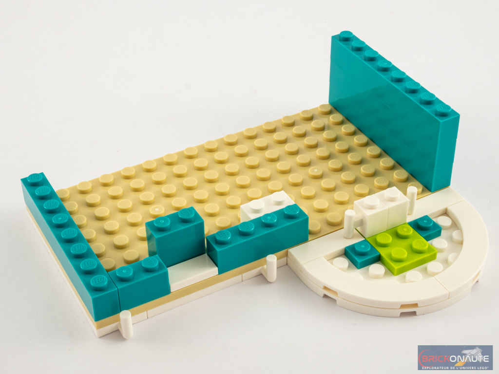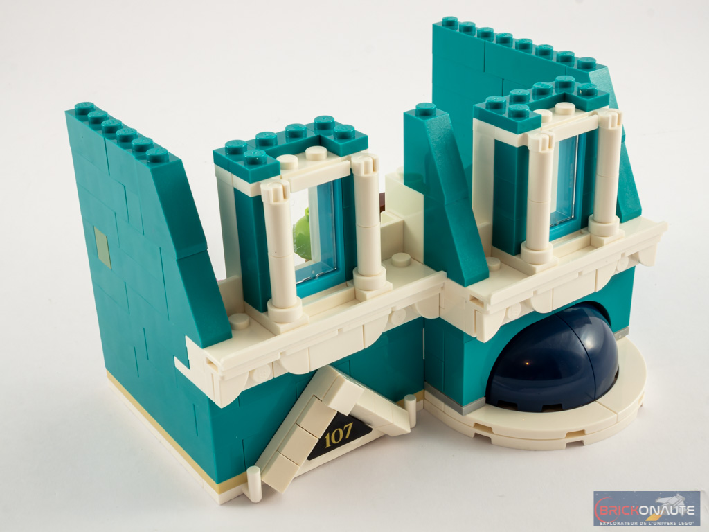 Le niveau supérieur est assemblé par moitié, on commence avec le côté façade. Un demi dôme bleu surplombe le bow-window, et un triangle blanc fixé sur une turntable porte le numéro de rue. Remarquez ici également les pièces courbées, fixées à l’envers au-dessus du demi-dôme grâce à des clips. Côté intérieur, on assemble un grand (et joli) lit, et une commode avec des tiroirs, une lampe et un pot de fleurs. On continue alors d’élever les murs, et on ajoute les deux petites fenêtres avant de passer à l’étape suivante.
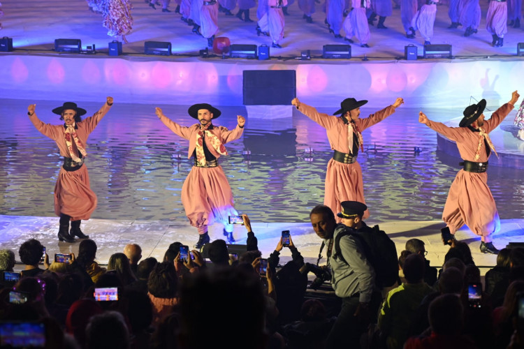 El espectáculo presentado en el teatro griego Frank Romero Day combinó música, danza, teatro y show de drones, en una propuesta que recuperó distintos momentos de la historia vendimial y de la identidad cuyana.
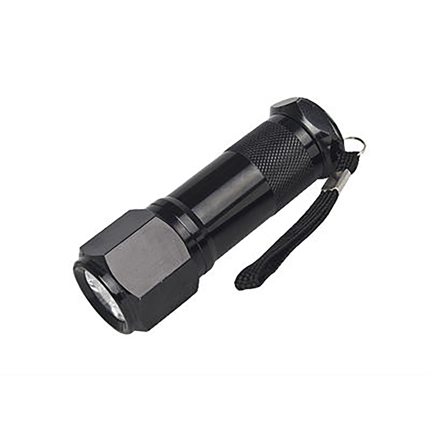 Here comes an aluminum LED flashlight with stout housing. A high lumen LED is installed for super bright illumination in darkness. A lanyard is attached at the back, allowing user to hang it onto any objects.
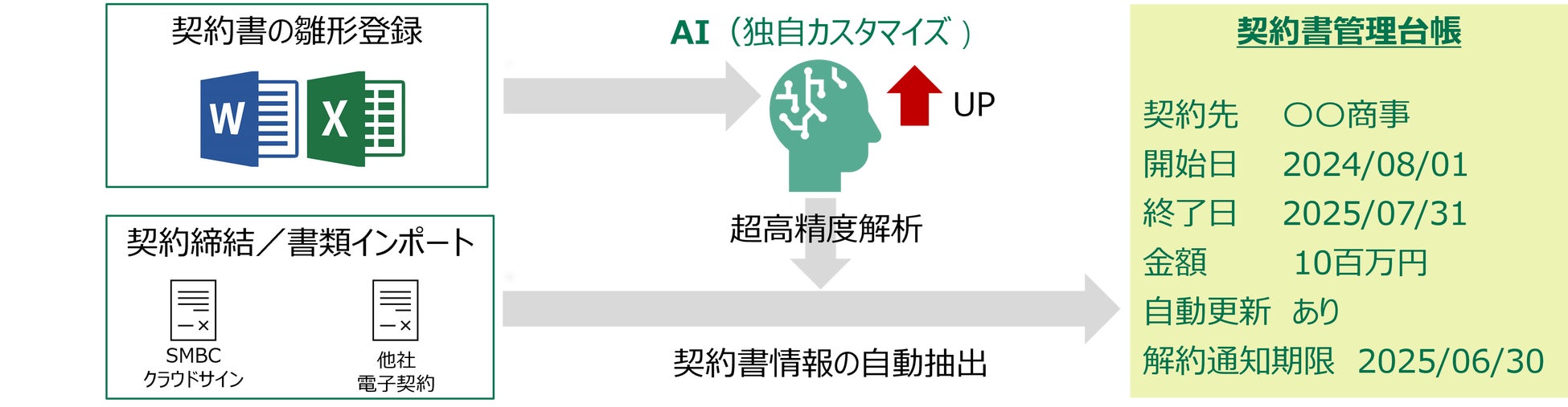| 内容 | ・ 「SMBCクラウドサイン」にて締結・インポートした契約書の情報を自動で抽出・登録するサービスです。 ・  AI契約書管理Proでは、お客さま独自の契約書の雛形に合わせた解析ロジックを提供しております。 詳細は別途SMBCCSのホームページをご参照ください。 |

What the task requires
Reproduce, unchanged, each line between the one with "Here comes an" and the last line of the material, both included; the pictures do not go in.

Response to this exercise
 Here comes an aluminum LED flashlight with stout housing. A high lumen LED is installed for super bright illumination in darkness. A lanyard is attached at the back, allowing user to hang it onto any objects.
| 内容 | ・ 「SMBCクラウドサイン」にて締結・インポートした契約書の情報を自動で抽出・登録するサービスです。 ・  AI契約書管理Proでは、お客さま独自の契約書の雛形に合わせた解析ロジックを提供しております。 詳細は別途SMBCCSのホームページをご参照ください。 |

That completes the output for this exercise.